Data shown:
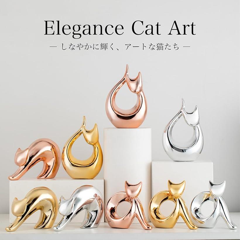 猫 アート オブジェ エレガント ネコ 置物 おしゃれ インテリア 雑貨 陶器小物かわいい 卓上 オーナメント コレクション フィギュア 北欧 寝室 リビング 玄関 ギフト ローズゴールド A シルバー B ゴールド C
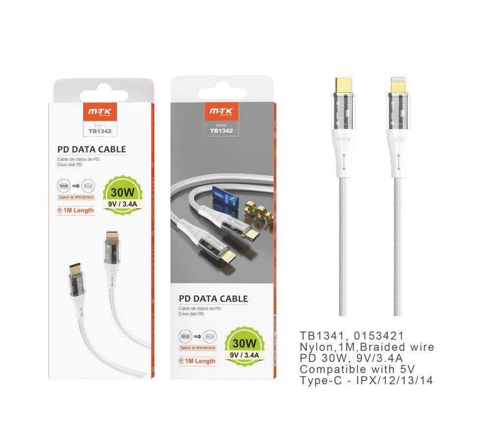 TB1342 BL Cable de datos Smith nylon trenzado para Type-C a Lightning , Carga Rapida PD,30W/9V/3.4A, 1M, Blanco
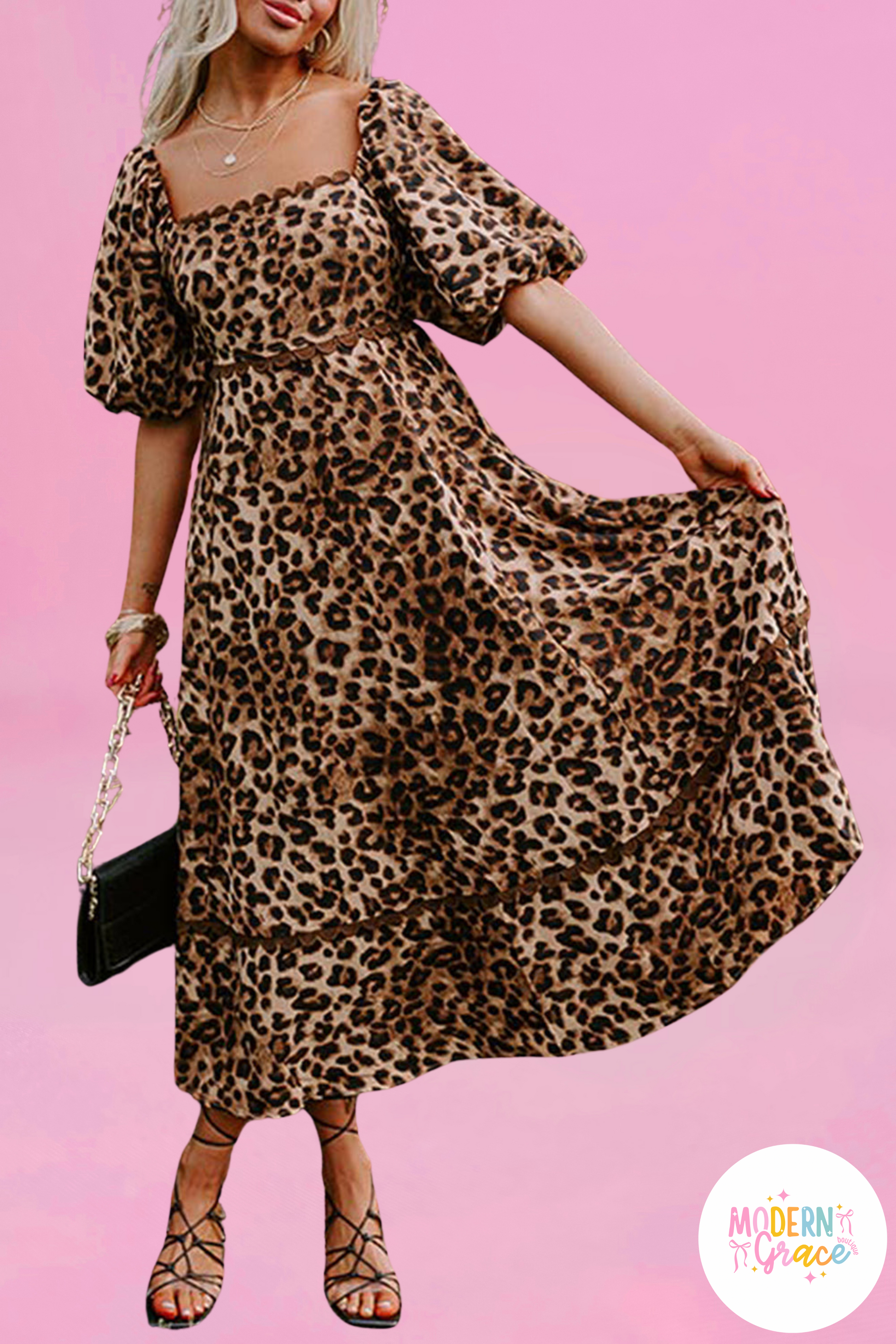 Brown Leopard Print Bubble Sleeve Square Neck Maxi Dress (Warehouse Exclusive)
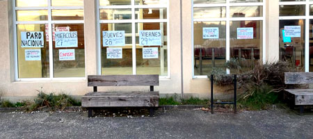 En las ventanas y el frontis del Centro de Salud Familiar de Panguipulli aparecieron carteles que visibilizaron el ánimo de los funcionarios plegados a la movilización.
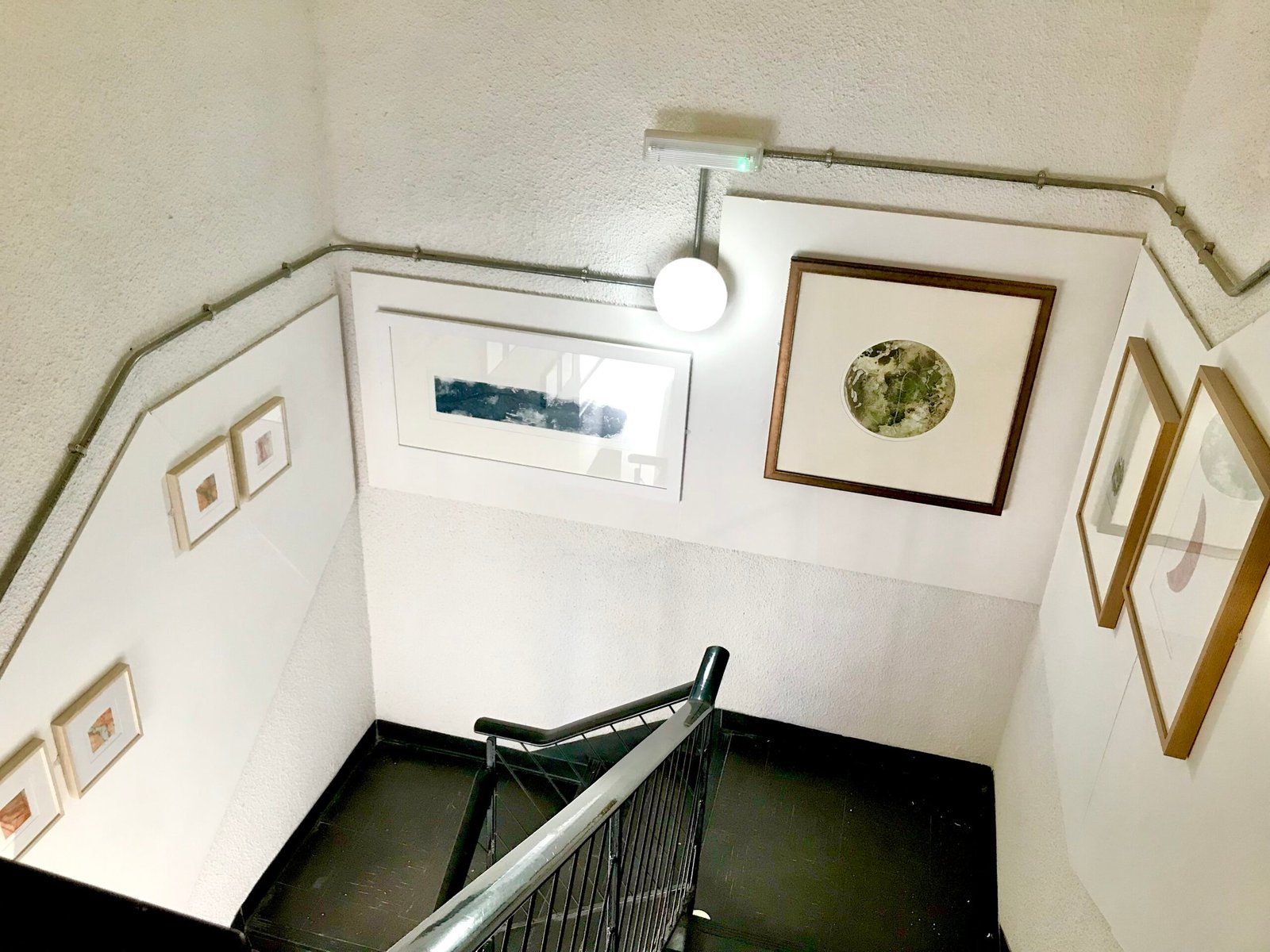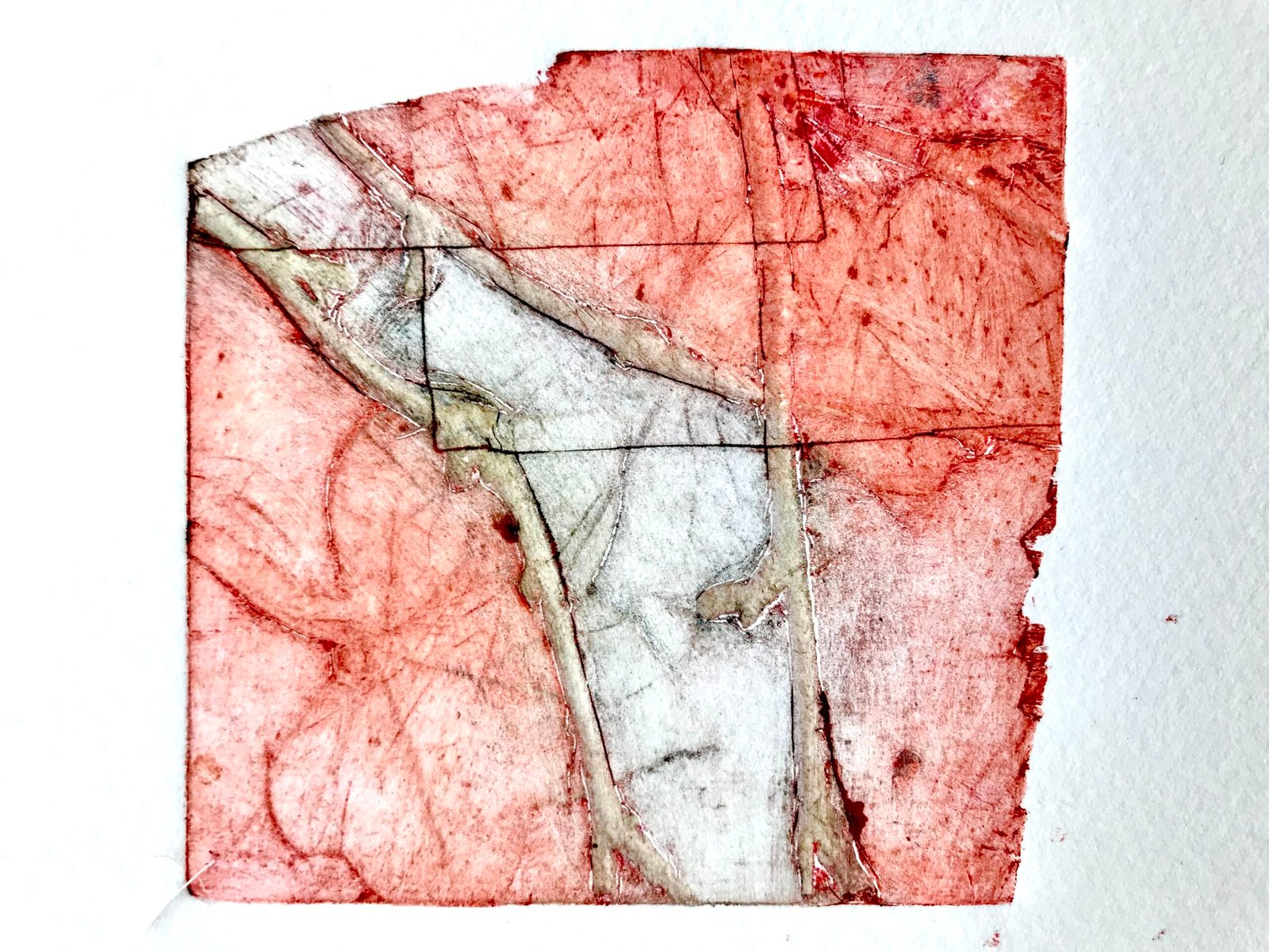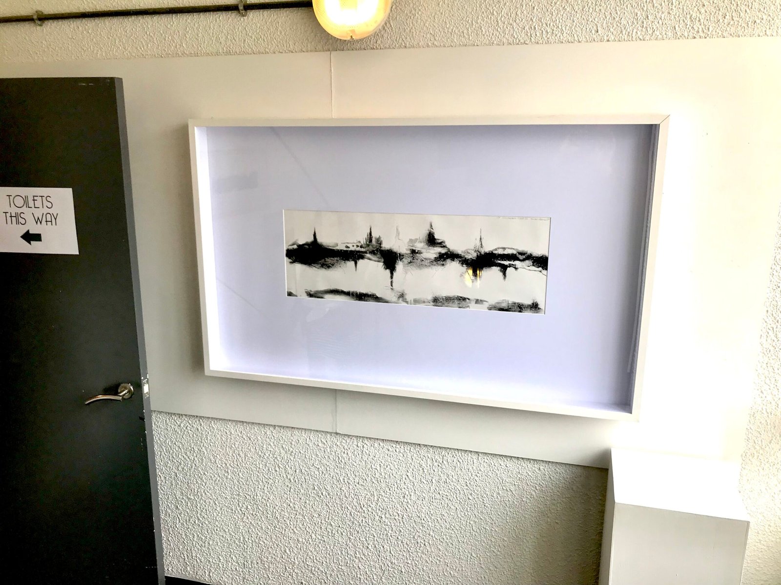 After hosting a couple of printmaking workshops at The Steel Rooms, we agreed that I would create an exhibition, stretching from the downstairs café, up some stairs and into the large upstairs gallery space. I decided to base much of the show on work that was inspired by my trip to Iceland two years before. This meant a first outing for my prints featuring poured varnish and carborundum powder, built up in thick layers on birch plywood. Other works featured experiments with faux metal leaf applied as chine collé, prints from plates made with burnt adhesive tapes, and a segmented landscape, assembled and printed from seven different plates.
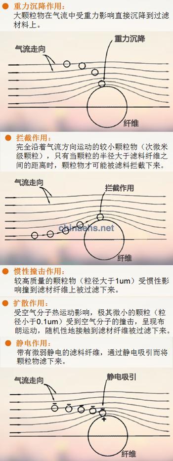 影響口罩防護(hù)水平的主要因素之一是濾材的過濾效率。用于過濾顆粒物的濾材,不管是天然的,還是人工合成的,它們將空氣中的顆粒物過濾下來的機(jī)理可概括為以下五種:

Prompt: Pictures stay out. Print the lines of the records above exactly, from the first through the one with "After hosting a".

Answer to this exercise:
 猫 アート オブジェ エレガント ネコ 置物 おしゃれ インテリア 雑貨 陶器小物かわいい 卓上 オーナメント コレクション フィギュア 北欧 寝室 リビング 玄関 ギフト ローズゴールド A シルバー B ゴールド C
 TB1342 BL Cable de datos Smith nylon trenzado para Type-C a Lightning , Carga Rapida PD,30W/9V/3.4A, 1M, Blanco
 Brown Leopard Print Bubble Sleeve Square Neck Maxi Dress (Warehouse Exclusive)
 En las ventanas y el frontis del Centro de Salud Familiar de Panguipulli aparecieron carteles que visibilizaron el ánimo de los funcionarios plegados a la movilización.
 After hosting a couple of printmaking workshops at The Steel Rooms, we agreed that I would create an exhibition, stretching from the downstairs café, up some stairs and into the large upstairs gallery space. I decided to base much of the show on work that was inspired by my trip to Iceland two years before. This meant a first outing for my prints featuring poured varnish and carborundum powder, built up in thick layers on birch plywood. Other works featured experiments with faux metal leaf applied as chine collé, prints from plates made with burnt adhesive tapes, and a segmented landscape, assembled and printed from seven different plates.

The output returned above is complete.